GENOVA-In piazza De Ferrari ma anche sotto la prefettura di Genova. Sono state due le manifestazioni nel capoluogo ligure la sera del 24 febbraio, giorno in cui, alle prime ore dell'alba, le forze militari russe hanno sferrato il primo attacco all'Ucraina.
Colori dell'arcobaleno della pace di nuovo a De Ferrari in mezzo alle 500 persone che si sono riunite e la fontana colorata di giallo e blu per solidarietà al paese. Tante le testimonianze della comunità ucraina di Genova, come Viktoria, trasferita nel capoluogo ligure solo qualche anno fa: "Siamo qui per dire basta alla guerra, per far capire come ci sentiamo. Sono molto spaventata, i miei figli sono ancora là, sotto alle bombe".

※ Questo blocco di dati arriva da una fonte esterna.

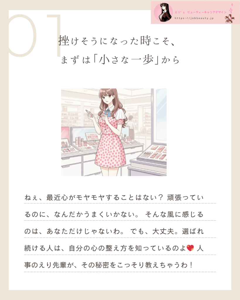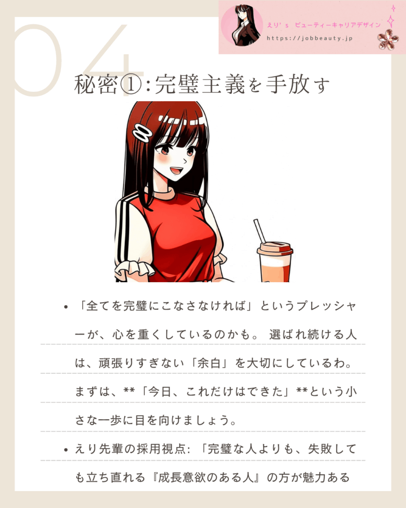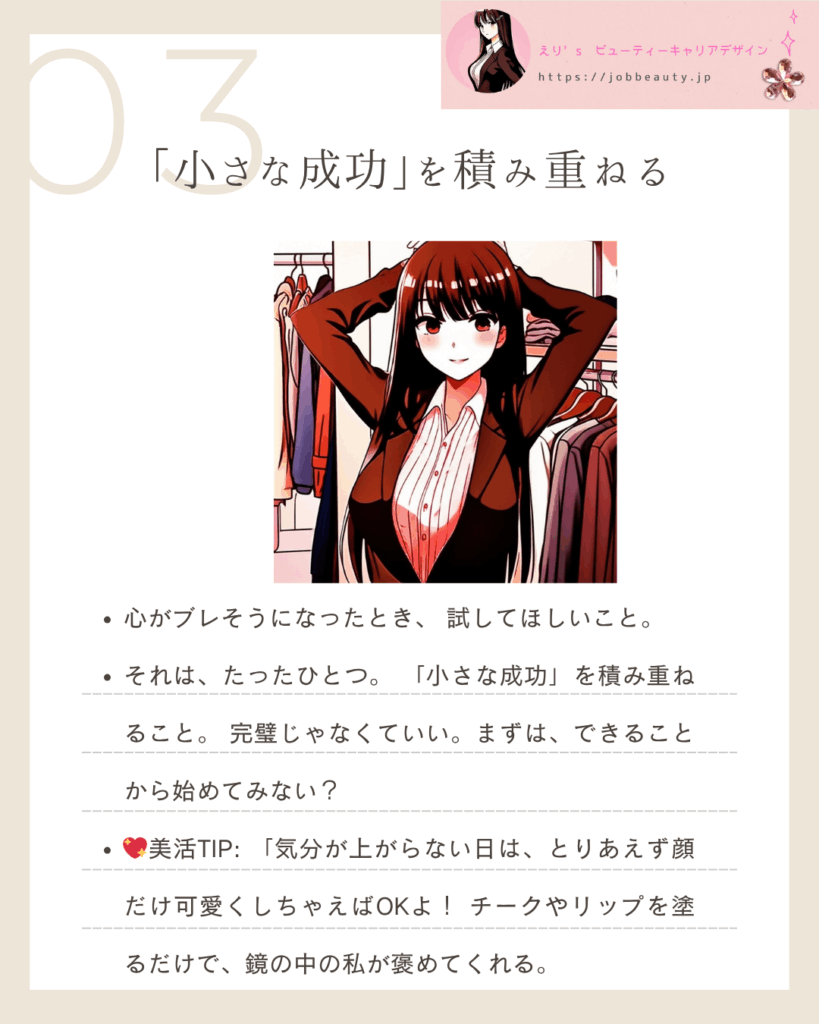 - 実践例: 朝、いつもより早く起きてメイクを完璧に仕上げる。たったそれだけでも、あなたは**「今日の私は最高にプロだ」**という小さな成功体験を得られるわ。

Altre 100 erano fermi tra associazioni pacifiste e sindacati, davanti alla prefettura per chiedere al Governo italiano di condannare ogni tipo di violenza e di cercare soluzioni pacifiche al conflitto. Un altro presidio ("No alla guerra, né in Ucraina né altrove") è in programma sabato 26 febbraio a piazza De Ferrari a partire dalle 16,30: iniziativa a cui ha comunicato la sua adesione la Cisl Genova. Intanto nelle ultime ore oltre 4000 ucraini sono fuggiti dal paese e dalla guerra per rifugiarsi in Moldavia.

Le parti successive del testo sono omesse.